15 marca 2016

WHY NOT IN POLAND?

Informacja o przyjeździe Misjonarzy do naszego kraju, była dla mnie czymś więcej, niż spełnieniem marzeń. Jest to jeden z dość wąskiego grona zespołów, które noszę głęboko w sercu. I choć ich gwiazda lśniła najmocniej w latach osiemdziesiątych, to dla mnie wciąż stanowią niezwykle ważną grupę, a kolejne ukazujące się albumy, sukcesywnie zapełniają moją płytotekę. Możliwość zobaczenia i skonfrontowania wyobrażeń z rzeczywistością, to rzecz o jakiej nie śniłem jeszcze przed kilkoma miesiącami. Owszem, bardzo chciałem ich ujrzeć, ale niezbyt wierzyłem w to, że dotrą do naszego kraju. Niemcy wydawały się być taką ostatnią nieprzekraczalną granicą, za którą dla wielu zespołów rozciąga się inny (dziki) świat. I choć od czasów PRL-u bardzo wiele się zmieniło, to podziały mentalne i geograficzne, wciąż wydają się być żywe. Być może się mylę, a cała sprawa rozbija się o nikłe zainteresowanie rodzimych organizatorów danym artystą, zbyt duże pieniądze czy po prostu o opłacalność całego przedsięwzięcia. No bo komu by się chciało specjalnie przyjeżdżać do takiej Polski, jeśli nie ma ustalonej w tej części świata jakiejś sensownej trasy. I choć graniczymy z całkiem zacnymi sąsiadami, którzy przyciągają do siebie znane marki (Niemcy, Czesi), to jednak odnoszę wrażenie, że nasze granice są czasem nie do sforsowania.
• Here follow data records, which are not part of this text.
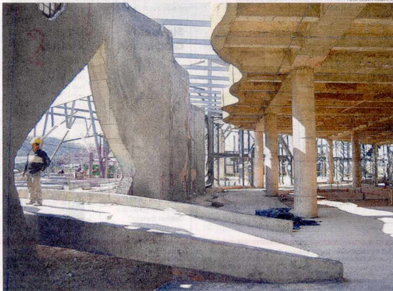
Las obras en la nueva terminal de Tunja han avanzado en un 57 por ciento; pero ya se ejecutó el 73 por ciento de los recursos que existían.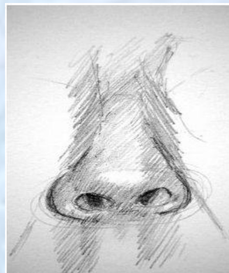
Finishing the nose Click back in your browser to return.

его всюду суют, вмешиваясь не в свое дело.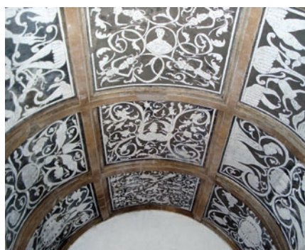
Fig. 2 - Igreja de S. João Baptista, Amieira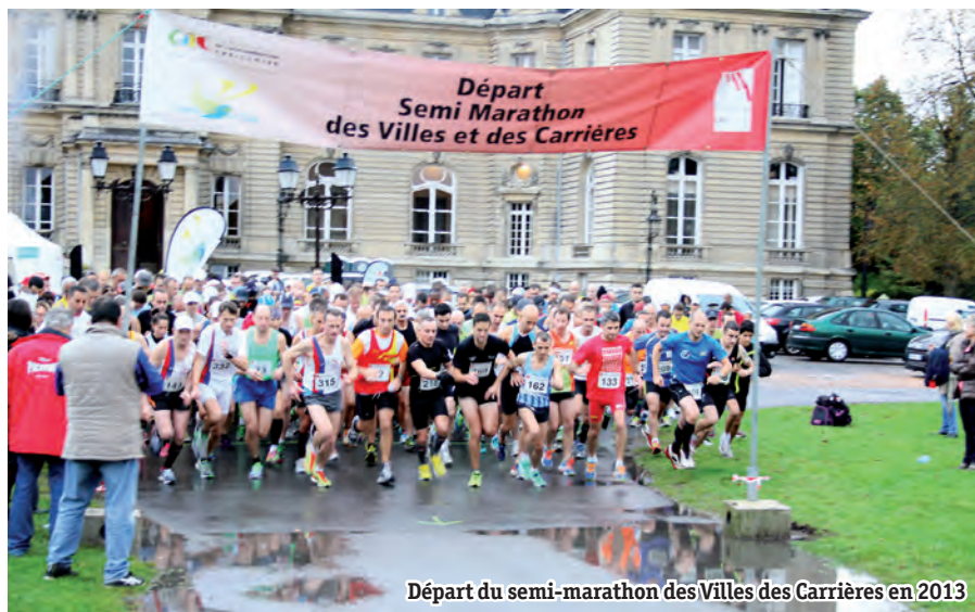
Départ du semi-marathon des Villes des Carrières en 2013

Ne manquez pas, le dimanche 19 octobre 2014 , le 6 e semi-marathon des Villes et des Carrières, événement incontournable du sud de l'Oise.

Tak jakby stał tam olbrzymi Yeti i wygrażał zbliżającym się zespołom swą wielką, zakrwawioną łapą. Na szczęście dla nas, nie wszyscy kierują się stereotypami i z roku na rok, możemy oglądać coraz to nowe zespoły debiutujące na naszej ziemi. The Mission co prawda taki debiut mają już dawno za sobą, bowiem wystąpili w Polsce w 1994 roku podczas finału Marlboro Rock In, ale przecież od tego czasu upłynęło sporo wody w Wiśle, a kraj przeszedł ogromną metamorfozę. Jeśli muzycy nie zapuszczali się prywatnie na nasze tereny, to mogą przeżyć dość spore zaskoczenie. Niemniej nad wizualną stronę naszego kraju, stawiam publiczność, która mam nadzieję tłumnie zjawi się na koncercie. Liczę na to, że zgotujemy grupie naprawdę piękne powitanie po tych dwudziestu dwóch latach. Wierzę, że to będzie niezapomniany wieczór, obfitujący w najlepsze nagrania z  przebogatego dorobku grupy. Przybywajcie zatem w październiku do warszawskiej Progresji.